Monarch populations are declining for several reasons. This includes the loss of habitat in both their wintering grounds in Mexico, and their breeding or summer grounds across North America. Critically important has been the loss of milkweed plants which are the only plants the caterpillars can eat, and a vital part of the Monarch lifecycle. Milkweed is in decline partly due to the increased use of the chemical neonicotinoid in GMO crops which eliminates all “weeds” from agricultural fields. Traditionally milkweed was plentiful but the widespread use of these harmful and efficient chemicals is rapidly making milkweed disappear.
We think Hamilton can help! By planting monarch and pollinator-friendly plants in our public parks and around our homes, we can create important habitat refuges for this majestic species. At the same time we’ll be creating attractive and low-maintenance gardens!

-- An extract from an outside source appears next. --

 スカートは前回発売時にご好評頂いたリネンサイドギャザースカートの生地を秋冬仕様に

Thanks to funding support from the Hamilton Community Foundation’s Edith H. Turner Fund, the Hamilton Naturalists’ Club (HNC) and Environment Hamilton (EH) are partnering to create Monarch & pollinator habitat across Hamilton. We know that many people want to help Monarchs and have made packets of native seeds which can be used to create new Monarch habitats. With all of us working together we can make Hamilton a refuge for Monarch butterflies!

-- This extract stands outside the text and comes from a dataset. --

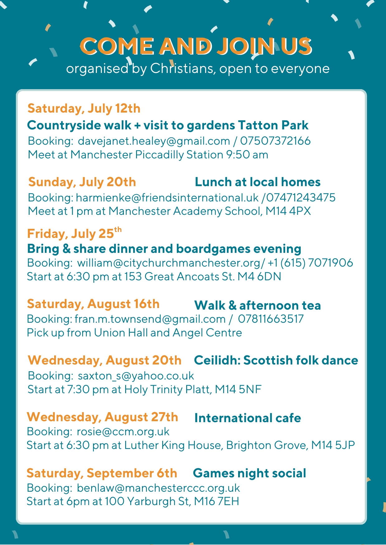 Visit our Events page above to see further examples of some of the activities we offer and things you can do while in Manchester!

Over the next few months we’ll be working with schools, community groups, neighbourhood associations and the City to hold workshops about how to create Monarch-friendly gardens. We’ll be using native plants which are suited to the area and which need little maintenance once established. Many of these plants can fit within existing gardens and will attract many butterflies which will add even more colour to gardens!